Automatic side-by-side (AutoSxS) is a model-assisted evaluation tool that helps you compare two large language models (LLMs) side by side. As part of AutoSxS's preview release, we only support comparing models for summarization and question answering tasks. We will support more tasks and customization in the future.

Learn more about [Vertex AI AutoSxS Model Evaluation](https://cloud.google.com/vertex-ai/docs/generative-ai/models/side-by-side-eval#autosxs).

### Objective

In this tutorial, you learn how to use `Vertex AI Pipelines` and `google_cloud_pipeline_components` to check autorater alignment using human-preference data:

This tutorial uses the following Google Cloud ML services and resources:

- Cloud Storage
- Vertex AI PaLM API
- Vertex AI Pipelines
- Vertex AI Batch Prediction


The steps performed include:
- Create a evaluation dataset with predictions and human preference data.
- Preprocess the data locally and save it in Cloud Storage.
- Create and run a Vertex AI AutoSxS Pipeline that generates the judgments and a set of AutoSxS metrics using the generated judgments.
- Print the judgments and AutoSxS metrics.
- Clean up the resources created in this notebook.

### Costs

This tutorial uses billable components of Google Cloud:

* Vertex AI
* Cloud Storage

Learn about [Vertex AI pricing](https://cloud.google.com/vertex-ai/pricing),
and [Cloud Storage pricing](https://cloud.google.com/storage/pricing),
and use the [Pricing Calculator](https://cloud.google.com/products/calculator/)
to generate a cost estimate based on your projected usage.

## Installation

Install the following packages required to execute this notebook.

In [1]:
! pip3 install --upgrade --force-reinstall \
    google-cloud-aiplatform \
    google-cloud-pipeline-components==2.10.0 \
    gcsfs

### Colab only: Uncomment the following cell to restart the kernel.

In [None]:
# import IPython

# app = IPython.Application.instance()
# app.kernel.do_shutdown(True)

## Before you begin

### Set up your Google Cloud project

**The following steps are required, regardless of your notebook environment.**

1. [Select or create a Google Cloud project](https://console.cloud.google.com/cloud-resource-manager). When you first create an account, you get a $300 free credit towards your compute/storage costs.
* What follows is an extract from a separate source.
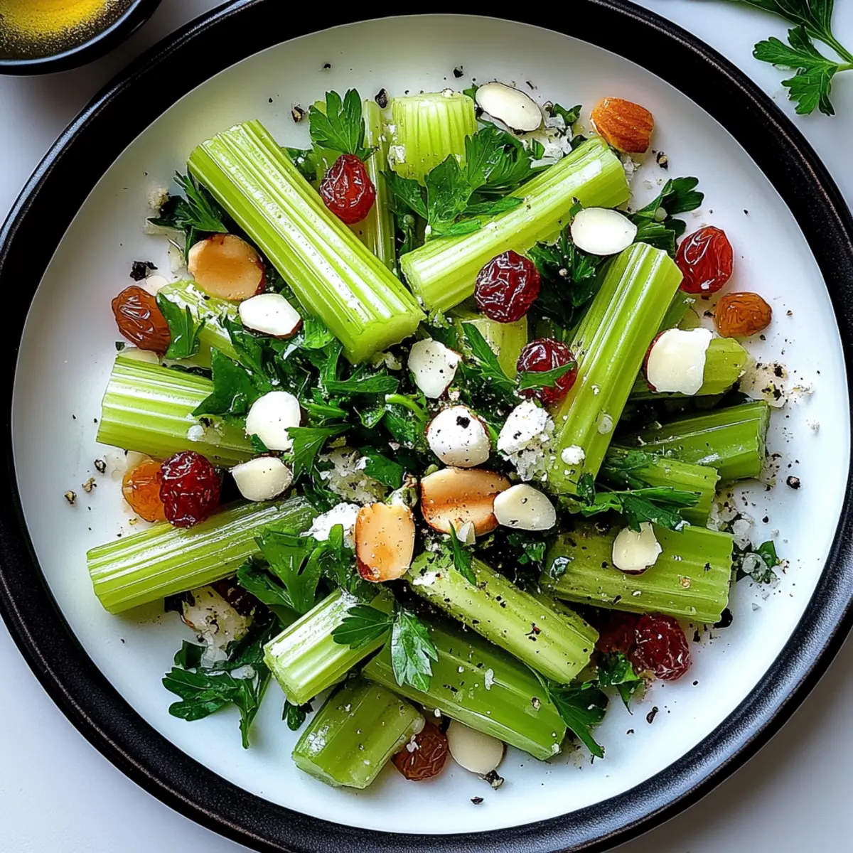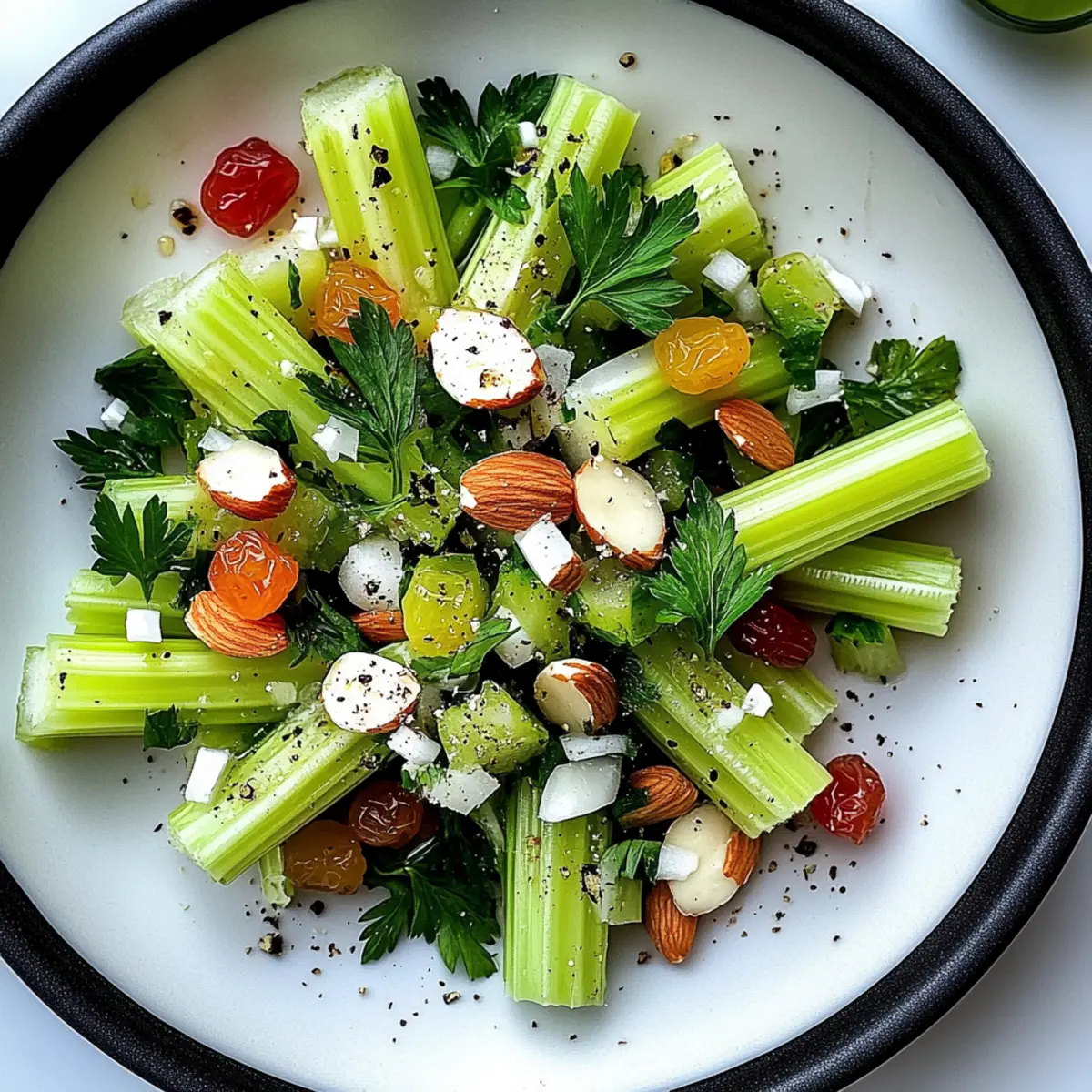 Jump to Recipe Print RecipeAs I sliced through a vibrant stalk of celery, the crisp snap echoed in my kitchen, hinting at the refreshing delight to come. Ina Garten’s Celery Salad transforms this often-overlooked vegetable into a crunchy, herbaceous masterpiece, deserving a spot on your table. With a short prep time, this gluten-free gem is perfect for warm afternoons or as a light lunch, boasting a satisfying texture and just 200 calories per serving. Imagine all the flavor combinations with fresh herbs, sweet golden raisins, and a creamy dressing that brings it all together. You won’t just enjoy this salad; you’ll be reaching for seconds! Ready to give your taste buds a refreshing treat? Why is Ina Garten’s Celery Salad a Must-Try? Vibrant, Crisp Texture: The unique crunch of fresh celery pairs beautifully with slivered almonds, creating a satisfying bite that you’ll love. Herb-Infused Goodness: With fragrant herbs like parsley and tarragon, each forkful bursts with flavor, elevating this dish beyond the ordinary. Versatile Side Dish: Whether you’re enjoying it as a light lunch or serving alongside grilled chicken, this salad adapts effortlessly to any meal. Easy Prep Time: With just a few simple steps, this recipe is beginner-friendly, making it perfect for all home cooks! Nutrient-Packed & Guilt-Free: At roughly 200 calories per serving, indulge in a healthy treat that won’t compromise your diet. If you’re looking for other refreshing options, try my Cucumber Strawberry Salad or Thai Chicken Salad. Ina Garten Celery Salad Ingredients For the Salad Celery – Provides crunch and freshness; wash, trim, and slice on the diagonal to maximize surface area for dressing. Flat-leaf Parsley – Adds a bright herbal note; substitute with other fresh herbs if needed. Tarragon – Offers a slightly anise-like flavor; fresh is preferred, but dried can be used in smaller amounts. Dill – Contributes an aromatic sweetness; as with tarragon, dried dill can be a substitute. Slivered Almonds – Provide a nutty crunch; toast before using to enhance flavor, or swap with walnuts or pecans. Golden Raisins – Add sweetness and chewy texture; substitute with dried cranberries for a tart note. For the Dressing Olive Oil – Acts as the base for the dressing, providing richness; use a quality extra virgin for best flavor. White Wine Vinegar – Adds tanginess; apple cider vinegar can be a substitute. Dijon Mustard – Provides flavor depth and emulsification; yellow mustard can be used if preferred. Honey – Balances acidity with sweetness; maple syrup can replace honey for a vegan option. Salt and Black Pepper – Essential for seasoning and enhancing flavors. With these ingredients at hand, you’re well on your way to creating a delightful Ina Garten Celery Salad that will impress family and friends alike! Step‑by‑Step Instructions for Ina Garten Celery Salad Step 1: Prepare Celery Begin by washing the celery stalks under cool running water to remove any dirt. Trim off the ends and cut the celery diagonally into thin slices, about ¼ inch thick. This technique maximizes surface area for absorption of the dressing. Arrange the sliced celery in a large mixing bowl, allowing their crisp texture to shine. Step 2: Combine Ingredients In the bowl with sliced celery, add in the chopped flat-leaf parsley, tarragon, and dill. Gently toss the herbs with the celery using your hands or a pair of salad tongs until all ingredients are evenly mixed. The fresh herbs will add a vibrant color and aromatic flair to your Ina Garten Celery Salad. Step 3: Add Nuts and Fruit Fold in the toasted slivered almonds and golden raisins to the herb and celery mixture. Make sure to distribute the almonds and raisins evenly throughout the salad, ensuring that every bite is filled with delightful crunch and sweetness. This combination adds both texture and flavor, enhancing the overall deliciousness of the dish. Step 4: Make Dressing In a small mixing bowl, whisk together ¼ cup of olive oil, 2 tablespoons of white wine vinegar, 1 tablespoon of Dijon mustard, and 1 tablespoon of honey until the mixture is smooth and well-blended. The dressing should have a balanced tanginess that will complement the freshness of the celery and herbs in your Ina Garten Celery Salad. Step 5: Dress Salad Drizzle the prepared dressing over the celery mixture in the large bowl. Use salad tongs to gently toss everything together until the celery and herbs are well-coated with the dressing. This ensures that the flavors meld beautifully, giving each bite an exciting burst of taste. Step 6: Season Sprinkle salt and freshly cracked black pepper over the salad to taste. Start with a little—about ½ teaspoon of salt and a few twists of pepper—and adjust as necessary, tasting as you go. This final touch will enhance all the colors and flavors, making your Ina Garten Celery Salad irresistibly delicious. Step 7: Rest Let the salad rest at room temperature for about 15 minutes before serving. This step is crucial as it allows the flavors to meld together harmoniously, making every mouthful more flavorful and enjoyable. While you wait, you can set the table or prepare any accompaniments. Step 8: Serve Once rested, transfer the salad to a shallow serving bowl. Garnish with a light drizzle of olive oil and an extra sprinkle of freshly cracked pepper for an appealing presentation. Your refreshing Ina Garten Celery Salad is now ready to be enjoyed either chilled or at room temperature. Ina Garten Celery Salad Variations Feel free to get creative with this delightful recipe—customizing it to suit your taste buds and dietary needs! Nut-Free: Omit slivered almonds and use sunflower seeds instead for a crunchy twist, perfect for allergy-friendly options. Cheesy Delight: Add a sprinkle of feta cheese for a creamy richness that complements the crispness of the celery, creating a beautifully balanced flavor. Fruit Fusion: Swap golden raisins for dried

2. [Make sure that billing is enabled for your project](https://cloud.google.com/billing/docs/how-to/modify-project).

3. [Enable the Vertex AI API](https://console.cloud.google.com/flows/enableapi?apiid=aiplatform.googleapis.com).

4. If you are running this notebook locally, you need to install the [Cloud SDK](https://cloud.google.com/sdk).

#### Set your project ID

**If you don't know your project ID**, try the following:
* Run `gcloud config list`.
* Run `gcloud projects list`.
* See the support page: [Locate the project ID](https://support.google.com/googleapi/answer/7014113)

In [None]:
PROJECT_ID = "[your-project-id]"  # @param {type:"string"}

# Set the project id
! gcloud config set project {PROJECT_ID}

#### Region

You may change the `REGION` variable, which is used for operations
throughout the rest of this notebook.  Below are regions supported for AutoSxS.

- Americas: `us-central1`
- Europe: `europe-west4`
- Asia Pacific: `asia-southeast1`

You can also change the `REGION` variable used by Vertex AI. Learn more about [Vertex AI regions](https://cloud.google.com/vertex-ai/docs/general/locations).

In [None]:
REGION = "us-central1"  # @param {type: "string"}

### Authenticate your Google Cloud account

Depending on your Jupyter environment, you may have to manually authenticate. Follow the relevant instructions below.

**1. Vertex AI Workbench**
* Do nothing as you are already authenticated.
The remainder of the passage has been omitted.